Exercise details
Please retype the data in full and exactly; the pictures are not part of the copy.

Record excerpts
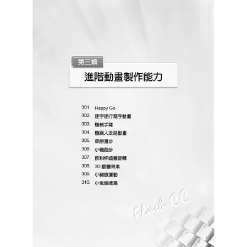 有鑑於此,本會為了建立使用者的學習信心和提高學習的成效,特聘請吳玄玉老師親自解題並精心規劃撰寫『TQC+ Flash動畫設計認證指南解題秘笈-Flash CC』,期能以最完整最詳細的說明,一步一步引導您涉獵整個學習過程,而不致無所適從。
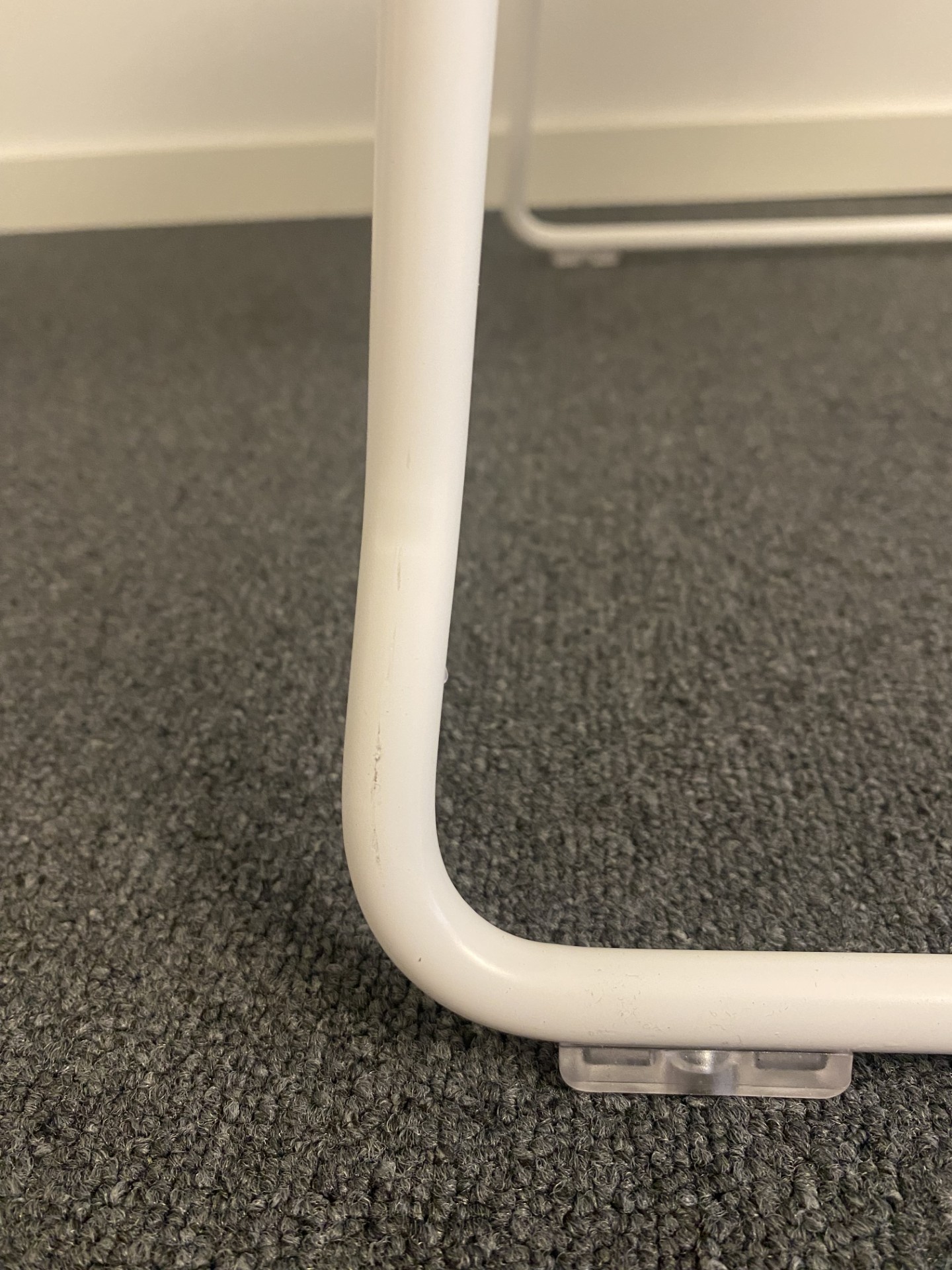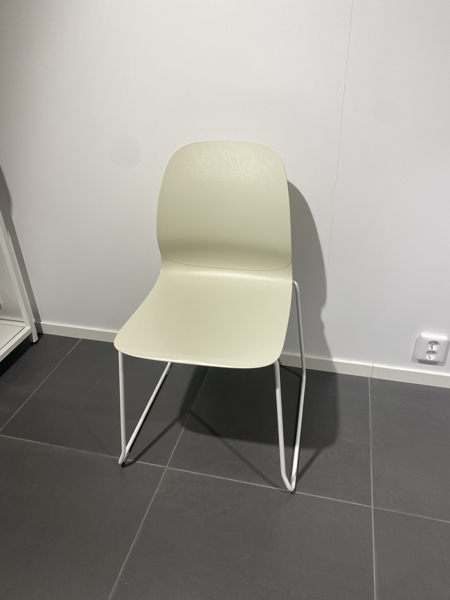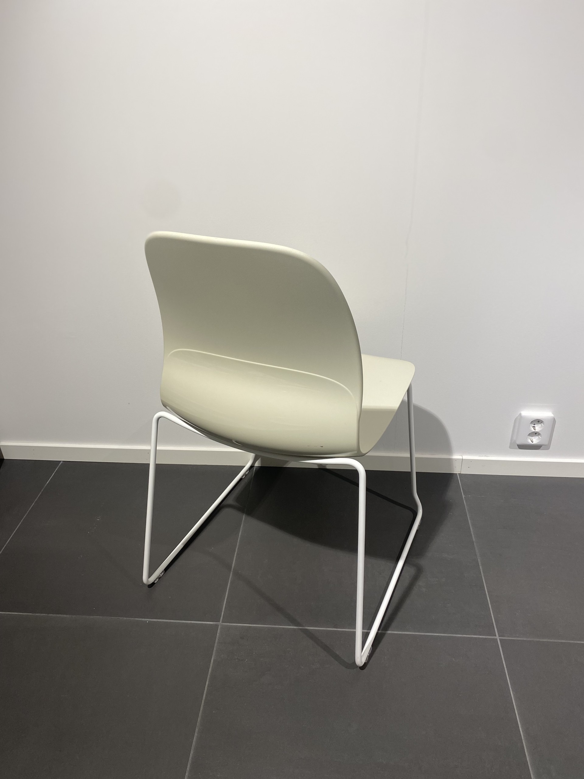 Seat and backrest in plastic (white). Sledgebase in metal (white).
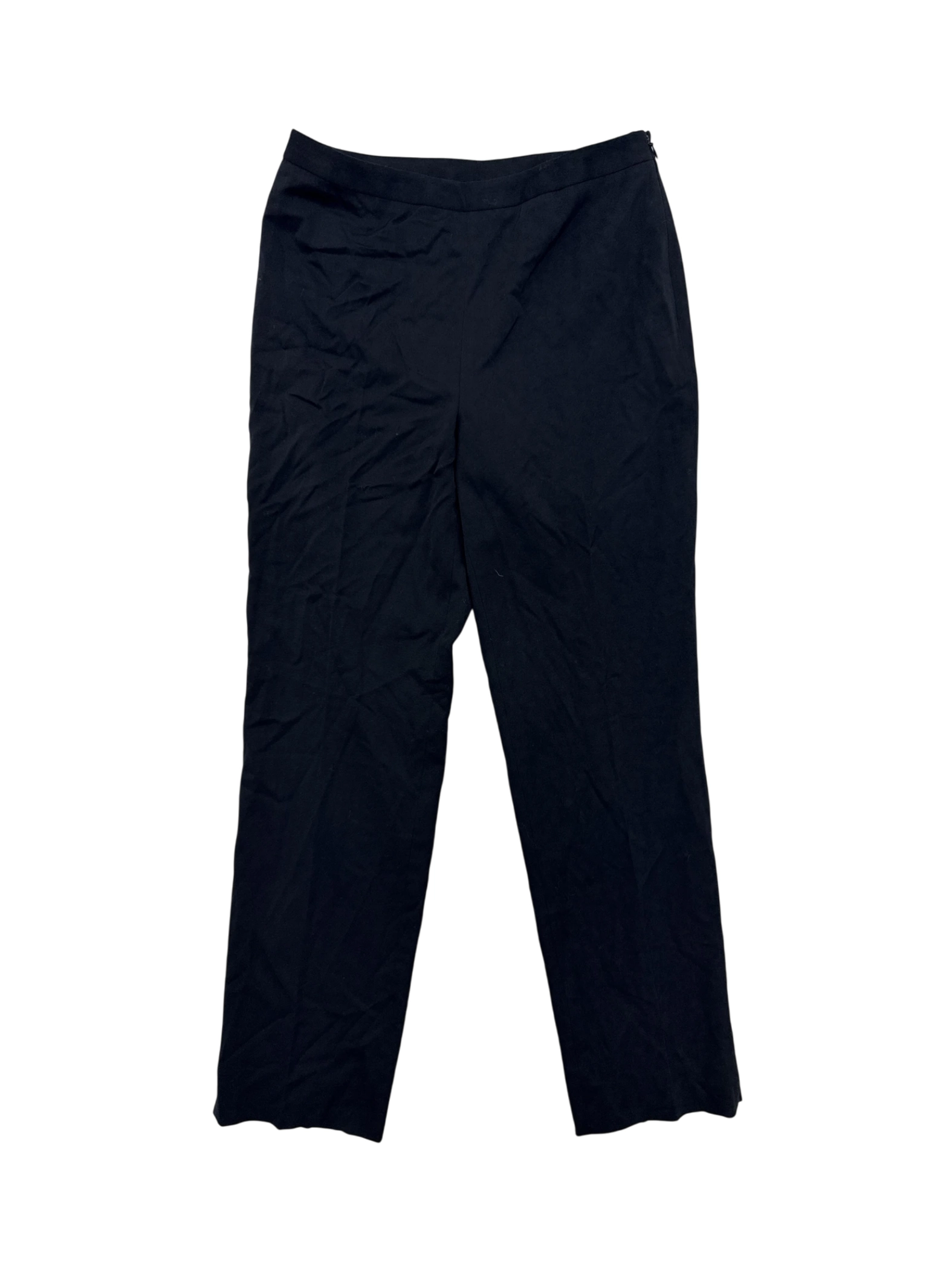 Elevate your wardrobe with these pre-owned ANNE KLEIN NEW YORK black dress pants. Crafted from a premium wool blend with a touch of spandex for stretch and comfort, these pants feature a classic straight leg cut. Perfect for professional settings or smart casual outings, these dress pants offer timeless style and versatility. The black color makes it easy to pair with various tops. Made in Thailand, these pants are designed to provide a flattering fit and long-lasting wear. Shop now and add a sophisticated touch to your collection!
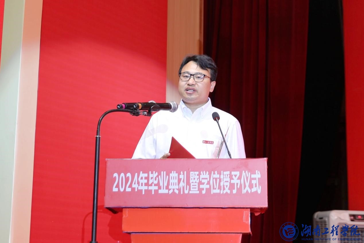 毕业典礼上,向前宣读《湖南省教育厅关于表彰湖南省普通高等学校2024届优秀毕业生的通报》。全体校领导为获奖毕业生代表颁奖。
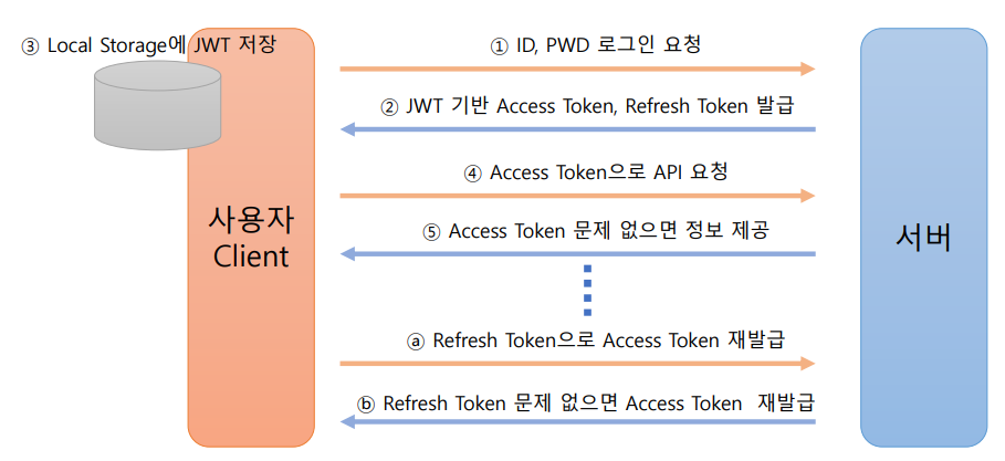 - ν΄λΌμ΄μΈνΈλ μΈμ¦ ν JWTλ₯Ό λ°κΈλ°μ, μ΄ν μμ² μ HTTP ν€λμ ν¬ν¨ (
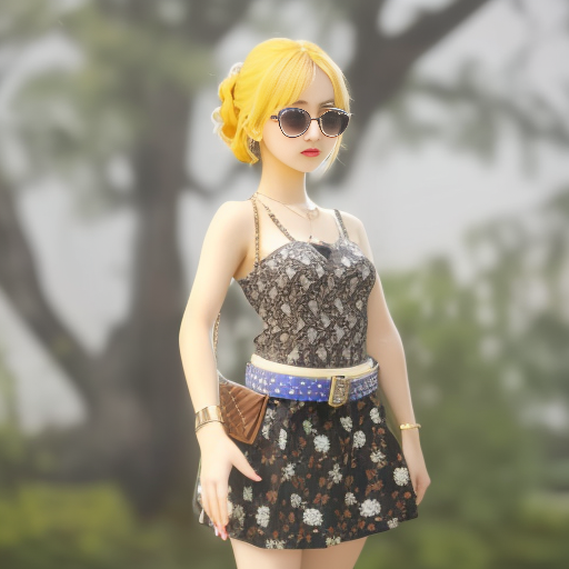 high quality, 1girl, Belt, Glass, Hairstyle, Handbags, Jewelry, tops, skirt, background, cute 18 girl face

Response below
 有鑑於此,本會為了建立使用者的學習信心和提高學習的成效,特聘請吳玄玉老師親自解題並精心規劃撰寫『TQC+ Flash動畫設計認證指南解題秘笈-Flash CC』,期能以最完整最詳細的說明,一步一步引導您涉獵整個學習過程,而不致無所適從。
 Seat and backrest in plastic (white). Sledgebase in metal (white).
 Elevate your wardrobe with these pre-owned ANNE KLEIN NEW YORK black dress pants. Crafted from a premium wool blend with a touch of spandex for stretch and comfort, these pants feature a classic straight leg cut. Perfect for professional settings or smart casual outings, these dress pants offer timeless style and versatility. The black color makes it easy to pair with various tops. Made in Thailand, these pants are designed to provide a flattering fit and long-lasting wear. Shop now and add a sophisticated touch to your collection!
 毕业典礼上,向前宣读《湖南省教育厅关于表彰湖南省普通高等学校2024届优秀毕业生的通报》。全体校领导为获奖毕业生代表颁奖。
 - ν΄λΌμ΄μΈνΈλ μΈμ¦ ν JWTλ₯Ό λ°κΈλ°μ, μ΄ν μμ² μ HTTP ν€λμ ν¬ν¨ (
 high quality, 1girl, Belt, Glass, Hairstyle, Handbags, Jewelry, tops, skirt, background, cute 18 girl face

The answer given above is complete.